**Your goal**: Please produce an exact transcription of the lines from the one containing "Koštrunove špice, Južna" through the last line of the entries, leaving out every picture.

_ _ _

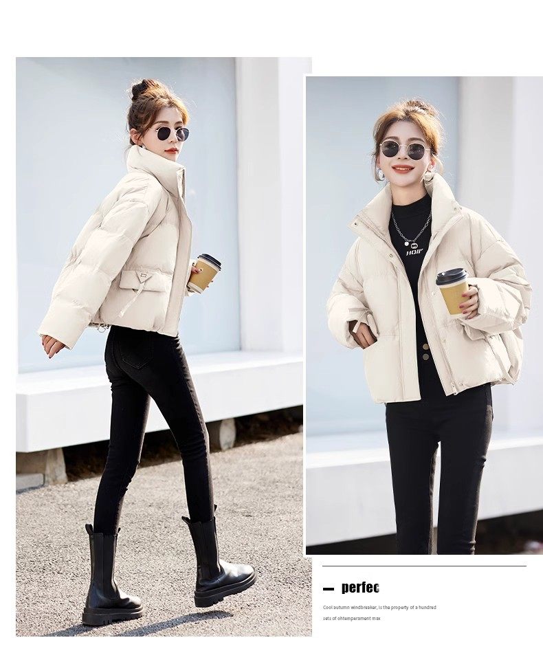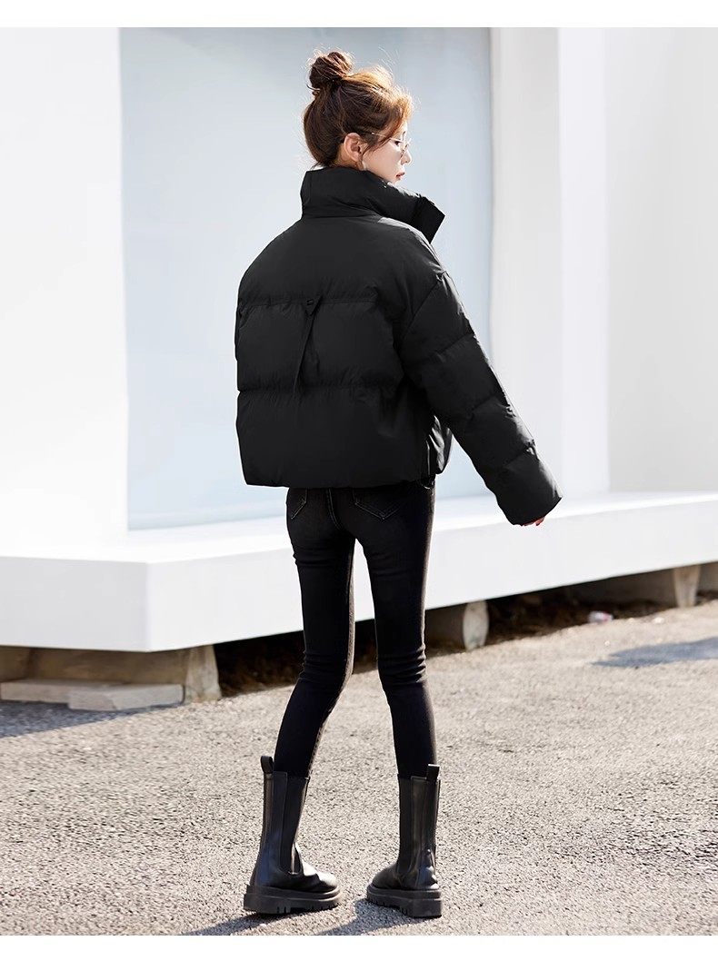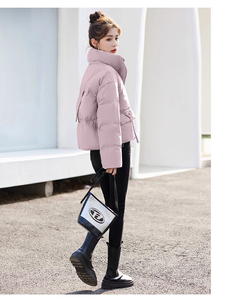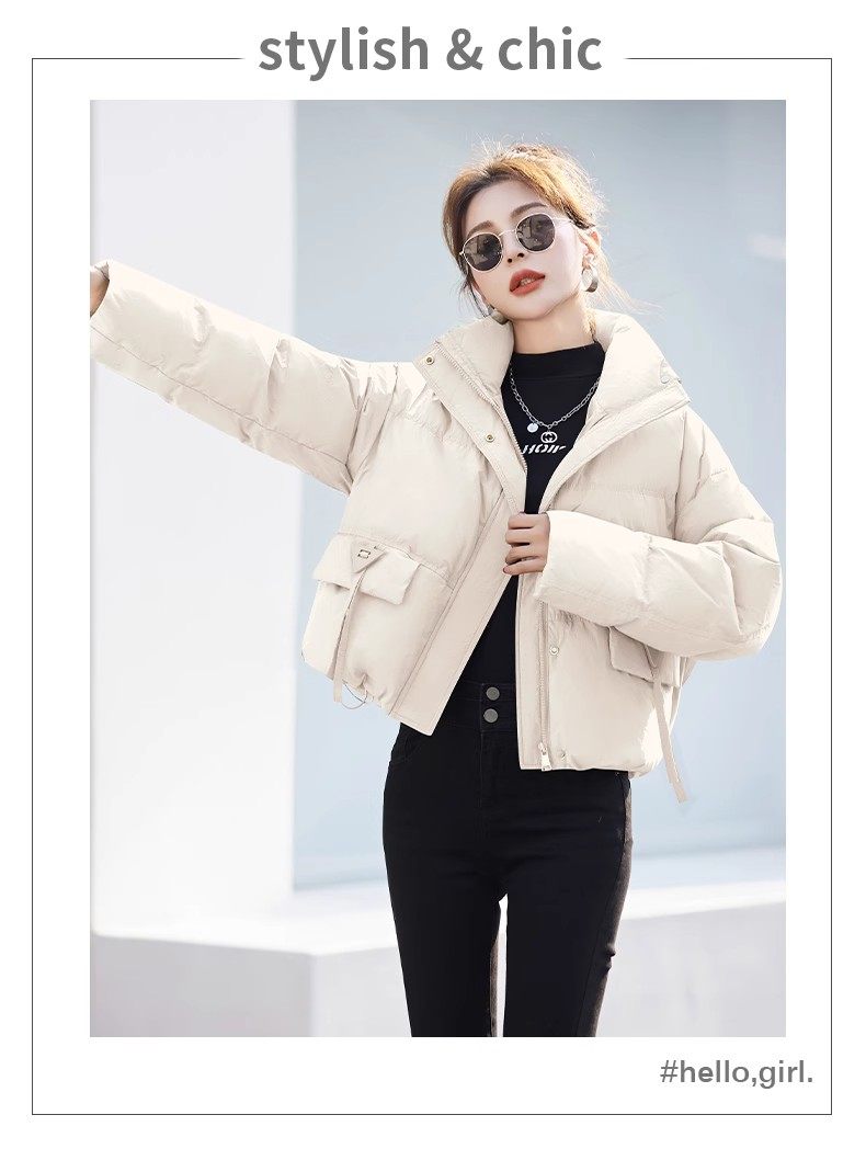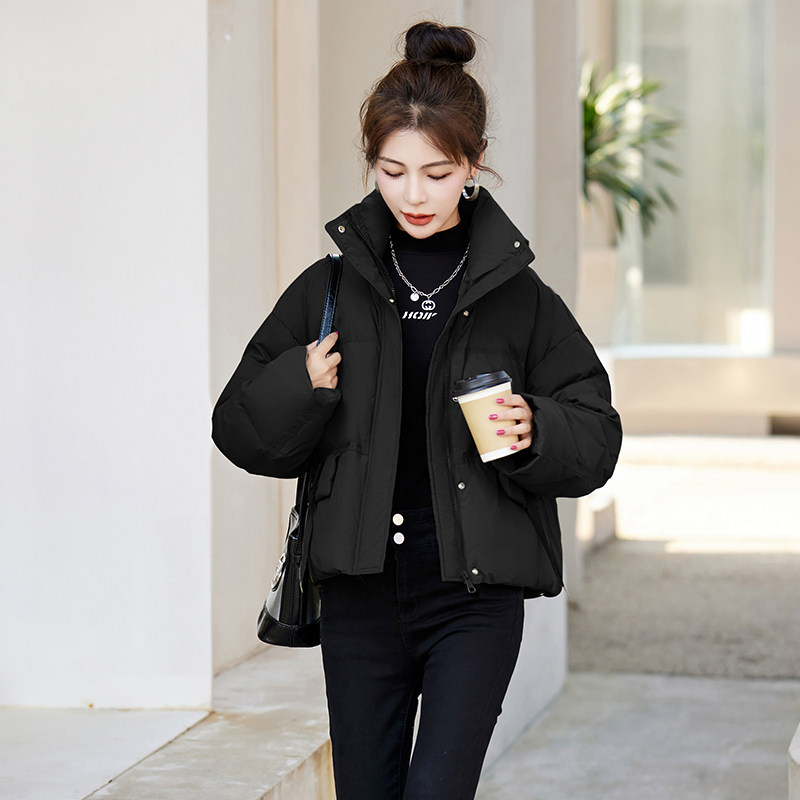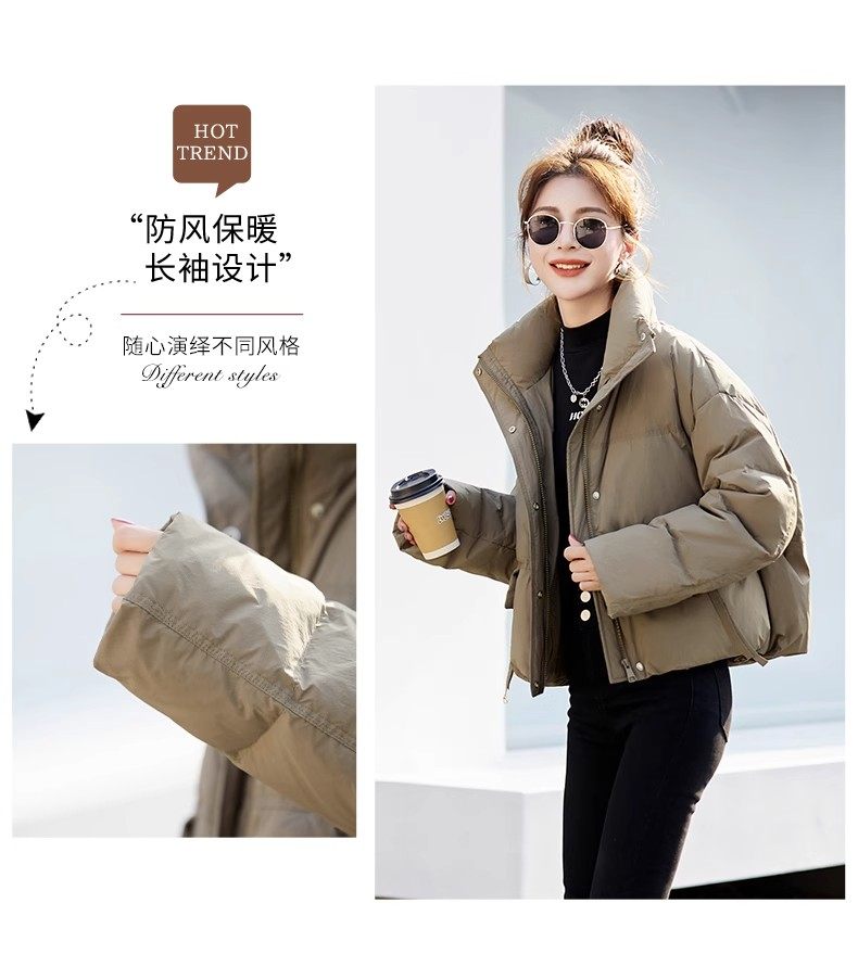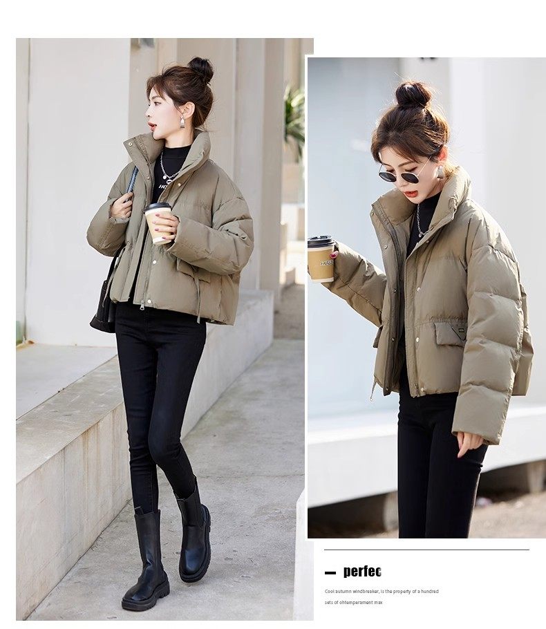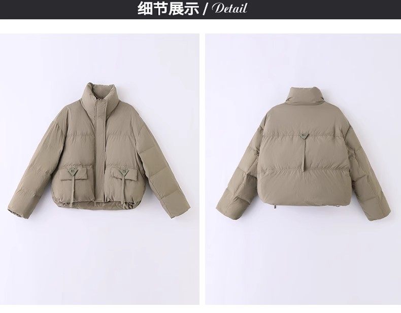 Fashionable small warm down jacket trend 2025 new European feminine temperament short white duck down stand-up collar bread jacket
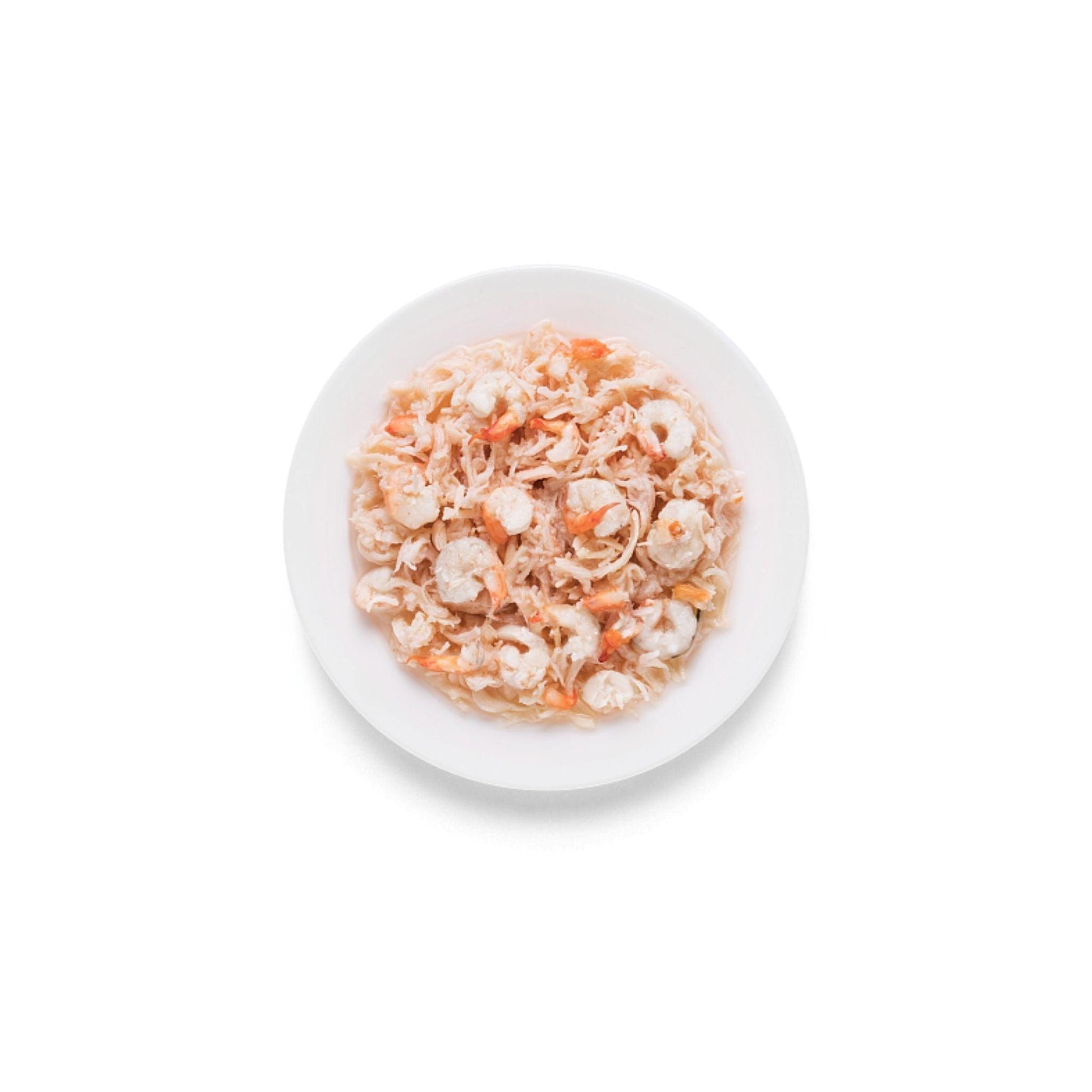 Консервированная куриная грудка и деликатес из креветок, полноценный корм на 75% состоящий из мяса для взрослых кошек. Гипоаллергенный влажный корм для кошек, натуральное и здоровое питание без зерновых и глютена, благодаря чему лакомство обогащено витаминами. Подходит для кошек с проблемами пищеварения.
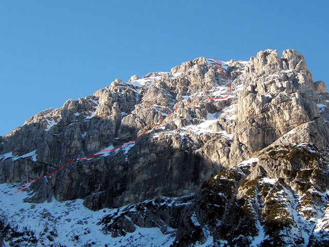 Koštrunove špice, Južna stena, IV, 500 m: po rampi desno navzgor do stolpa in po žlebičih na vršne vesine.
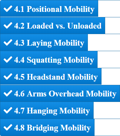 This advanced module introduces the idea of positional mobility. By changing your position, from the neutral standing position, it change how mobile you are and can be. Different positions have different benefits like loading the body in a variety of ways. This material is not covered in other mobility course from what I've seen, yet is crucial for moving onto the next step, as well as expanding your abilities.
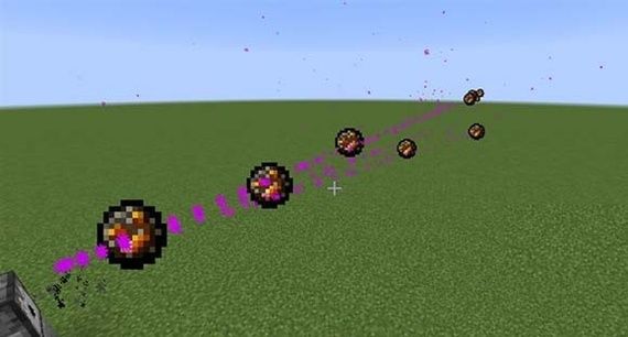 整体效果如下图所示:烈焰弹落地之后还会产生火焰,一段时间之后一条通往地狱的烈焰之路就会出现在大家的面前了。这样凶猛的火力,没有什么能够正面硬刚。就算是火免的怪物也会受到爆炸物理伤害。可以算是相当强力的热火力输出。这里体型大家,如果放入TNT的话,并不能发射的很远,容易炸到自己。

_ _ _

**Reply**:
 Koštrunove špice, Južna stena, IV, 500 m: po rampi desno navzgor do stolpa in po žlebičih na vršne vesine.
 This advanced module introduces the idea of positional mobility. By changing your position, from the neutral standing position, it change how mobile you are and can be. Different positions have different benefits like loading the body in a variety of ways. This material is not covered in other mobility course from what I've seen, yet is crucial for moving onto the next step, as well as expanding your abilities.
 整体效果如下图所示:烈焰弹落地之后还会产生火焰,一段时间之后一条通往地狱的烈焰之路就会出现在大家的面前了。这样凶猛的火力,没有什么能够正面硬刚。就算是火免的怪物也会受到爆炸物理伤害。可以算是相当强力的热火力输出。这里体型大家,如果放入TNT的话,并不能发射的很远,容易炸到自己。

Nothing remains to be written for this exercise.